### PROBLEM DETAILS
Write the data out again exactly, with every picture removed.

### SOURCE DATA
┄┄┄┄┄┄┄┄┄┄┄┄┄┄┄┄┄┄┄┄

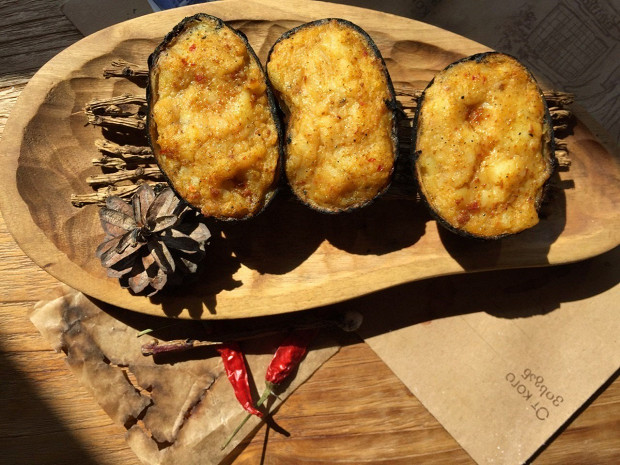 Прежде чем отправить картошку в угли, ее нужно подержать в духовке 45 минут. А уже из готовой картошки вытащите сердцевину, соедините ее с аджикой и сливочным маслом и начините этим клубень. Рецепт Мамии Джоджуа, шефа ресторана «Казбек».
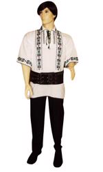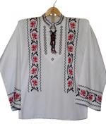 Camasa populara barbati din panza groasa de bumbac (vezi foto in tabel de masuri) brodata manual cu motive florale cu negru si albastru deschis, cu guler normal si maneca lunga cu manseta si insertie de dantela neagra la guler, maneci si si pe langa nasturi.
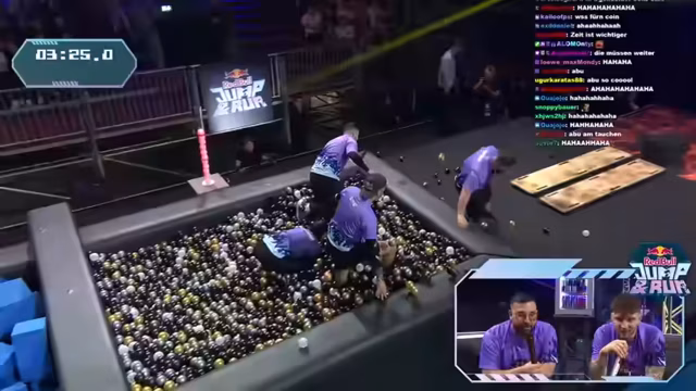 01:31:49Team No Way bereitet sich auf ihren Lauf vor, wobei sie den Vorteil haben, die vorherigen Durchgänge beobachtet und eine Taktik entwickelt zu haben. Es wird erwähnt, dass sie bereits vor ein bis zwei Wochen einen Probelauf in einer Freerunning-Arena absolviert haben. Die Diskussion dreht sich darum, ob sie an einem Reaktionsspiel vorbeilaufen dürfen. Während des Laufs zeigt sich eine ausgearbeitete Taktik mit Räuberleiter, wobei Toni als letztes hochgehoben wird. Karbonett rollt elegant über ein Hindernis, und Novi scheint unaufhaltsam. Es gibt Schwierigkeiten bei der Suche nach einer Kugel, und es wird vermutet, dass diese ganz unten sein muss. An den Bälle-Kanonen stehen Nova, Julie Poole, Paula und Maxify bereit, um die Teilnehmer abzuballern. Der Capitano packt die Bälle ein, und das Team gewinnt an Selbstvertrauen. Ein Teilnehmer zeigt übermäßigen Ehrgeiz bei der Suche nach einem Ball im Bällebad. Es wird spekuliert, dass jemand im Bällebad übernachten könnte. Die Platzierung des Brettes erweist sich als schwierig, aber die Red Bull Jump and Run-Socken werden gelobt. Eine Red Bull Athletin hat zuvor mit einer schnellen Zeit beeindruckt und falsche Standards gesetzt. Die Level wurden bewusst geheim gehalten, um die Creator nicht zu früh darauf einzustellen. Das Konzept wird als Videospiel im echten Leben und Kindheitstraum beschrieben. Team No Way muss den Walk of Shame unter einem Hindernis durchkrabbeln. Julie hat die beste Position beim Abballern und Leon wird unterstützt. Es wird der Wunsch geäußert, selbst an so einem Jump'n'Run teilzunehmen.

┄┄┄┄┄┄┄┄┄┄┄┄┄┄┄┄┄┄┄┄

### OUTPUT FOR THIS TASK
 Прежде чем отправить картошку в угли, ее нужно подержать в духовке 45 минут. А уже из готовой картошки вытащите сердцевину, соедините ее с аджикой и сливочным маслом и начините этим клубень. Рецепт Мамии Джоджуа, шефа ресторана «Казбек».
 Camasa populara barbati din panza groasa de bumbac (vezi foto in tabel de masuri) brodata manual cu motive florale cu negru si albastru deschis, cu guler normal si maneca lunga cu manseta si insertie de dantela neagra la guler, maneci si si pe langa nasturi.
 01:31:49Team No Way bereitet sich auf ihren Lauf vor, wobei sie den Vorteil haben, die vorherigen Durchgänge beobachtet und eine Taktik entwickelt zu haben. Es wird erwähnt, dass sie bereits vor ein bis zwei Wochen einen Probelauf in einer Freerunning-Arena absolviert haben. Die Diskussion dreht sich darum, ob sie an einem Reaktionsspiel vorbeilaufen dürfen. Während des Laufs zeigt sich eine ausgearbeitete Taktik mit Räuberleiter, wobei Toni als letztes hochgehoben wird. Karbonett rollt elegant über ein Hindernis, und Novi scheint unaufhaltsam. Es gibt Schwierigkeiten bei der Suche nach einer Kugel, und es wird vermutet, dass diese ganz unten sein muss. An den Bälle-Kanonen stehen Nova, Julie Poole, Paula und Maxify bereit, um die Teilnehmer abzuballern. Der Capitano packt die Bälle ein, und das Team gewinnt an Selbstvertrauen. Ein Teilnehmer zeigt übermäßigen Ehrgeiz bei der Suche nach einem Ball im Bällebad. Es wird spekuliert, dass jemand im Bällebad übernachten könnte. Die Platzierung des Brettes erweist sich als schwierig, aber die Red Bull Jump and Run-Socken werden gelobt. Eine Red Bull Athletin hat zuvor mit einer schnellen Zeit beeindruckt und falsche Standards gesetzt. Die Level wurden bewusst geheim gehalten, um die Creator nicht zu früh darauf einzustellen. Das Konzept wird als Videospiel im echten Leben und Kindheitstraum beschrieben. Team No Way muss den Walk of Shame unter einem Hindernis durchkrabbeln. Julie hat die beste Position beim Abballern und Leon wird unterstützt. Es wird der Wunsch geäußert, selbst an so einem Jump'n'Run teilzunehmen.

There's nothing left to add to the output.